Guilengue notes that communities in Cabo Delgado have already lost land, sea, and forest resources that neither the government nor Total will ever replace. To compound their problems, Total’s investment has attracted Islamist insurgents to the area, forcing hundreds of thousands to flee their homes. Mozambique, the Southern African Development Community (SADC), and even France have brought in soldiers from Rwanda and SADC to beat back the insurgents. Local communities, however, are abandoned to their fate.

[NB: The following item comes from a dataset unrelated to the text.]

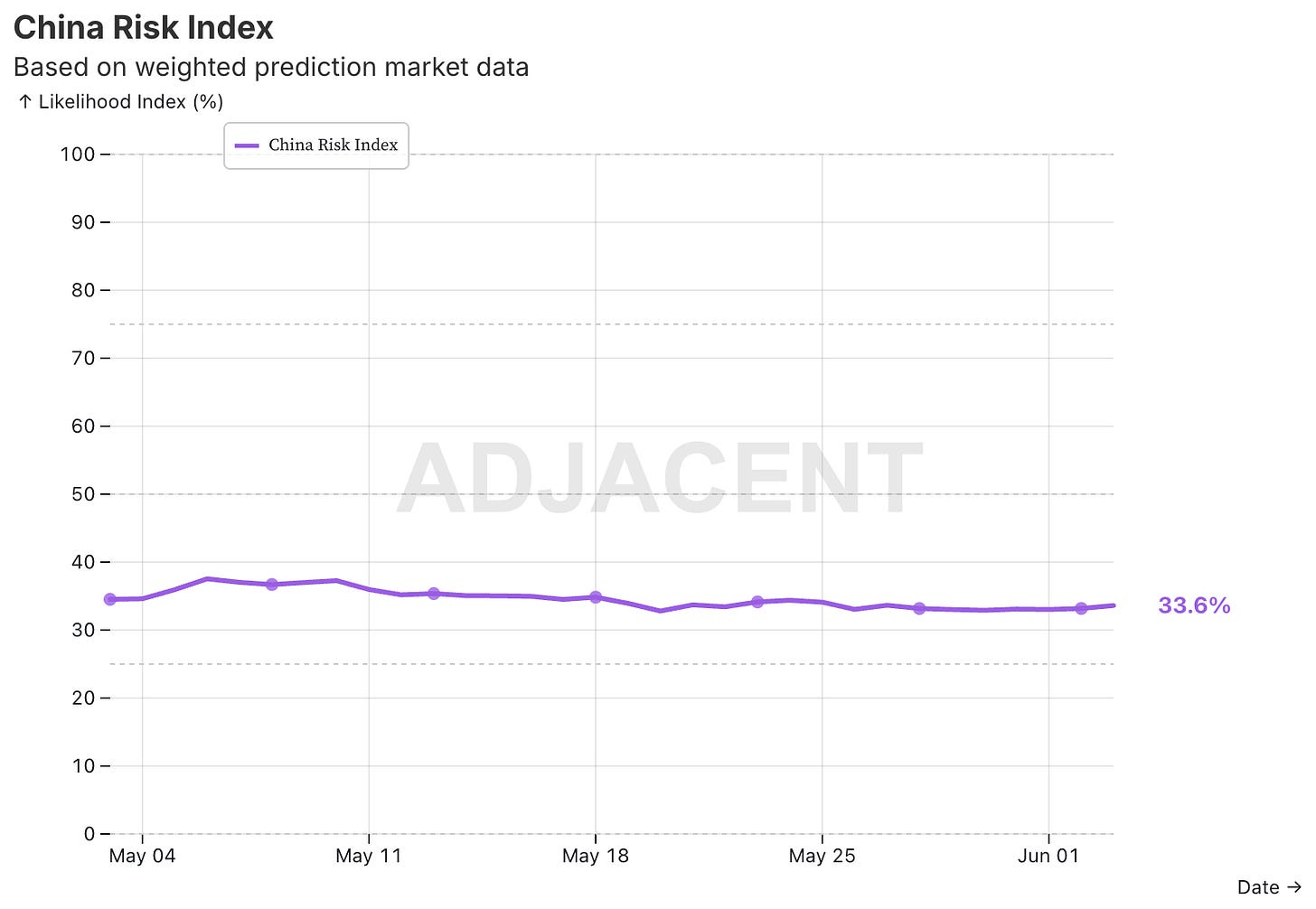 I mentioned Shangri-La speech in the US Inc. section, but I’m confident that it didn’t sit well with China. What can I say, general tensions in the region are expected. Nothing else to report (for now). China risk index looks pretty low now though:

In Cameroon, communities in former West Cameroon territories have been at war for two years after officials from the former French part of the territory were brought in to manage oil and gas assets, leaving them with nothing by way of local development. These territories see Macron’s visit as a direct support for Francophones’ usurpation of their resources.

The major European economies’ investments in Africa in response to turbulence on the energy markets show scant regard for environmental concerns. Progress made towards switching over to more sustainable ways of living and producing have been rolled back in a matter of months.

Egypt plans to announce to world leaders at COP27 that African countries should be allowed to exploit their gas and nuclear capacities for national development objectives. The reality is that the communities that house all these projects always suffer. They lose land, they lose sea resources, and they see lots of machines and equipment come into their communities and change their way of life forever, while all the money flows to capital cities.

That is not to say that Africa cannot work with the Global North. Collaborations are possible. However, such collaborations must be environmentally sustainable and they must be based on democratic principles. Whether these principles will be reflected in the upcoming COP negotiations remains to be seen.